References to hyaluronic acid have been popping up all across mainstream media outlets lately.
CNN: The best beauty products of all time
Does mainstream media get more mainstream than CNN? Okay, so we’re not talking Anderson Cooper here, but reporters from Real Simple posting an article on CNN.com’s International Edition website. To be honest, though, about the only possible way this particular mention of hyaluronic acid could be more positive would be for Anderson Cooper to do a segment on it. Get this, the article is titled “The best beauty products of all time”. More impressive, it’s on a list that includes such staples as Q-tips, Dove soap, and Johnson’s Baby Shampoo. The first product on the list is Estee Lauder Advanced Night Repair. The reasoning behind the shocking position at the top–shocking for me, anyway–was quite specific. Its formula for improving the body’s natural processes for renewing skin uses hyaluronic acid. A sidebar to this article says that the products that made the list were ultimately chosen after consultation with 300 experts.
USA TODAY: At what price beauty? Get the best creams for the money
Arguably USA Today doesn’t quite carry the same allure as CNN, but as far as mainstream media recognition goes, they seem on about the same level. The weird thing here is how the article wound up not on the Beauty section, but the Money section. Eh, go figure. The story is all about getting consumers to dump their brand name beauty creams for cheaper no-name pharmaceutical-grade beauty creams. A New Jersey makeup artist and esthetician interviewed names hyaluronic acid as the single most important factor to consider when shopping for beauty creams. She explains that it’s a humectant which attracts and keeps moisture in the skin.

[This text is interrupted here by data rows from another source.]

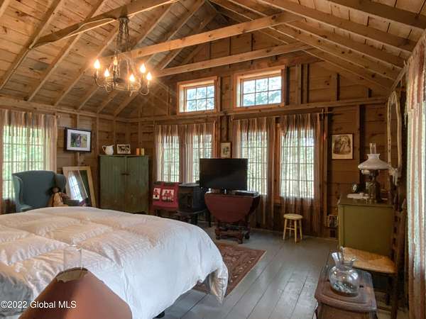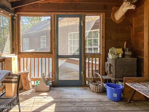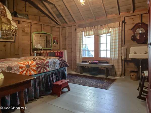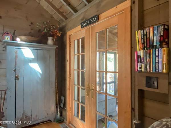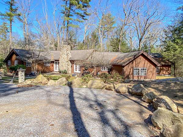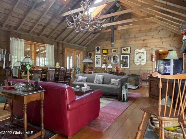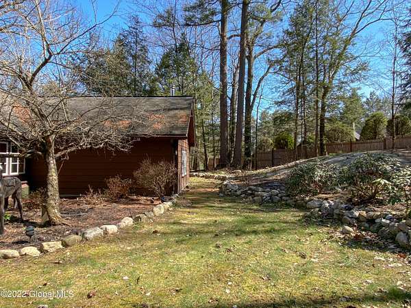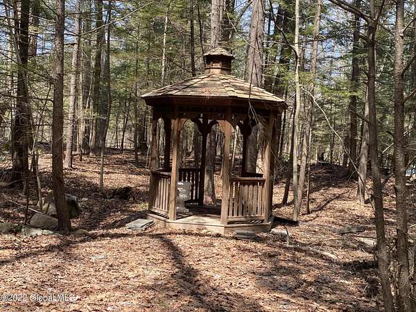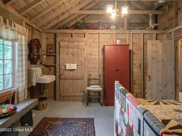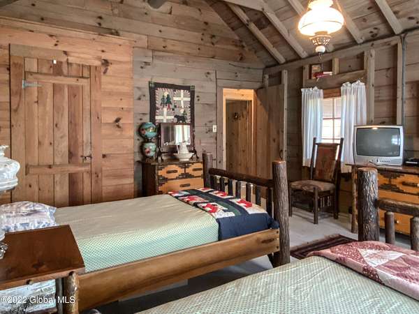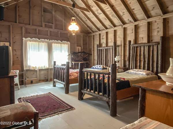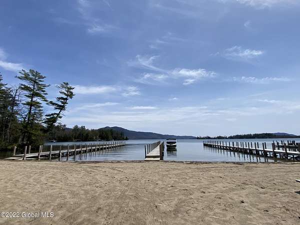 RUSTIC ADIRONDACK HOME with Beach rights and deeded lake access on Lake George with 22' dock space in Basin Bay. Situated in Bolton, this home features plenty of privacy. A 2,000sf year-round home with 5 Bedrooms, 3 Bathrooms nestled within an association on 1.7 acres of wooded privacy with a path to access the lake. Great room with stone wood burning fireplace, large enclosed porch, an eat-in kitchen with built-in shelving and laundry/utility room. Includes a detached 2 Car garage and 2 gazebos (both have electric.) Convenient to the Town of Bolton for enjoying entertainment and dining. HOA 22' dock space.
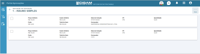 Cotações para o item
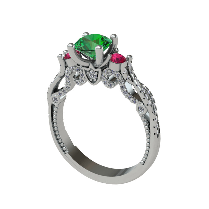 Yeşil kuvars, rodolit garnet ve pırlanta 18 ayar beyaz altın yüzük (0.792 karat)
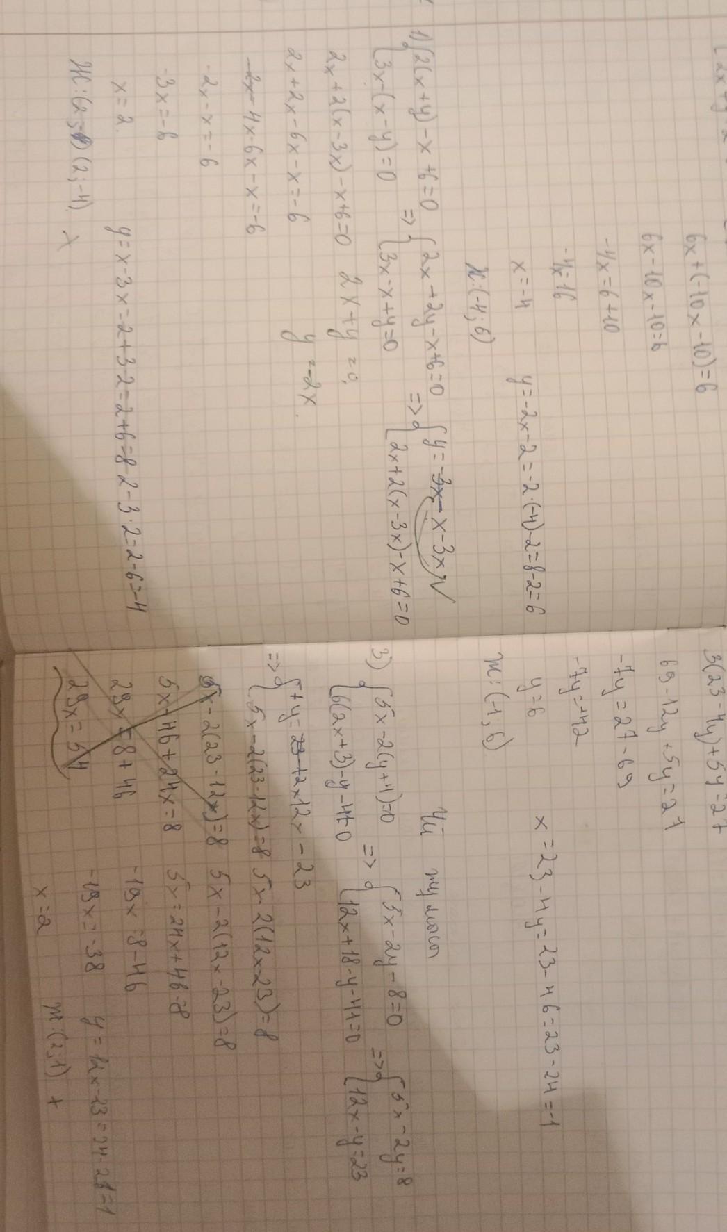 1427. 1) [2(x+y)- x + 6 = 0, 3x - (x - y) = 0; 2) [3(x+2y)-y-27 = 0, 4(x+y)-3x - 23 = 0; 3) [5x - 2 (y + 4) = 0, [6 (2x + + 3) - y - 41 = 0; 4) [2x+3(x+y)-11 = 0, 7(x+3y) - 6x + 59 = 0.

THE NEW YORK TIMES: Gurus of Camera-Ready Complexions
The gurus of the title refers to those who make the faces of celebrities ready for the cameras on the red carpet. According to one of the gurus, it is the hydrating success of a combination of hyaluronic acid serum with oxygen that has made Dermal Quench the signature product of her clinic in Melrose Place. It’s worth noting that hour-long treatment will set you back $270.
NBC NEWS: What Really Solves Knee Pain? The Answer Might Surprise You
The results of a large study seem to indicate that only treatment for knee pain that provides no relief at all is the use of acetaminophen. Hyaluronic acid is criticized as well as a treatment for knee pain mainly due to the exorbitant cost of the treatment for more than the treatment itself.
THE ECONOMIST: A medical matryoshka doll
If you learn nothing else today, you will learn that Russian nesting dolls are technically called matryoshka dolls. Some scientists have been coating the outer layer of a chemical bomb so tiny it is measured in billionths of an inch with hyaluronic acid and inserting chemotherapy drugs into the inner layer (and there’s your metaphorical nesting doll, folks!) as a way to battle cancer. Why the hyaluronic acid? Because, apparently, some reaction takes place that causes the stuff to start accumulating in cancerous cells. And somehow coating the chemical bomb with hyaluronic acid causes it to become a guiding system.